MICROBIAL MODELING AND BIOINFORMATICS FOR FOOD SAFETY AND SECURITY
Project Number: 1935-42000-057-00
Start Date: Feb 08, 2006
End Date: Feb 06, 2011
To evaluate, validate, and where necessary, develop new innovative, robust and valid predictive models for the responses of microbial pathogens, including foodborne threat agents, in select food matrices, as a function of: temperature, food formulation, competitive microflora, physiological history, and surface transfer.
To develop novel approaches to assess model performance and robustness, leading to more efficient strategies for producing and extrapolating models to different classes of food.

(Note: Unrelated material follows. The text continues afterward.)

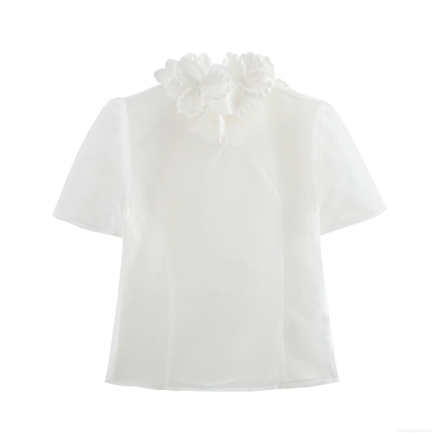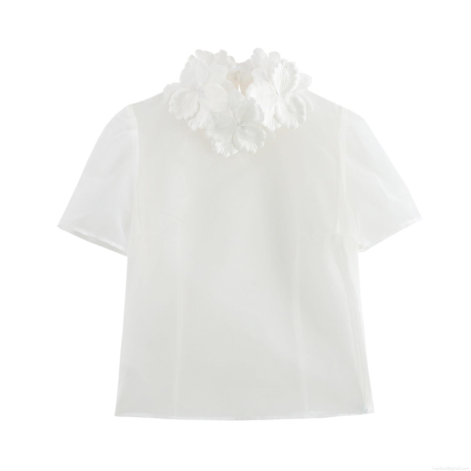 • Women's Sweet Organza Blouse Top 3D Floral Applique Short Sleeve Sheer Shirt For Party Daily Elegant Girl Style
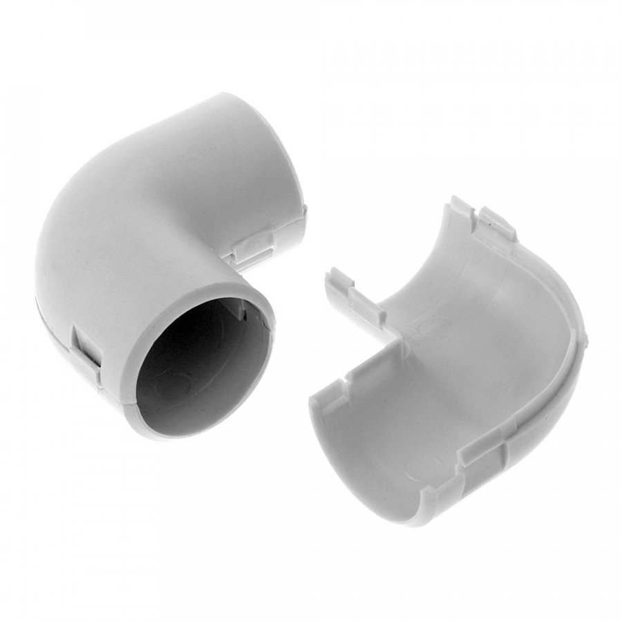 Угловой соединитель разборный - предназначен для соединения гофрированных труб или гладких труб из пластика под углом 90°.

To determine the probability distribution of lag phase duration (LPD) for foodborne pathogens, as a function of the previous bacterial physiological history, to allow risk managers to estimate worst-and best-case scenarios for pathogen behavior, depending on likely sources of contamination; To identify molecular markers that discriminate bacterial lag, growth and stationary phases, thus leading to more mechanistic models and greater certainty for LPD prediction.
Quantitative data will be collected for the effects of selected environmental parameters on foodborne pathogen growth, survival and inactivation. Relevant environmental conditions will include food formulation, native microbial flora, inoculum level, bacterial history, and the effects of food process operations. Priority pathogen-food combinations will be identified through stakeholder interactions and by identifying sensitive data gaps in microbial risk assessment. Experimental data will be used to confirm and where necessary produce primary growth and inactivation models, as well as probabilistic models for growth/no growth interfaces and microbial transfer among food processing surfaces. Model performance will be described using independent validation data from ongoing experiments with food matrices and microbiology databases such as ComBase. The resulting technologies will be transferred to stakeholders vis the ARS Pathogen Modeling Program and process risk model software.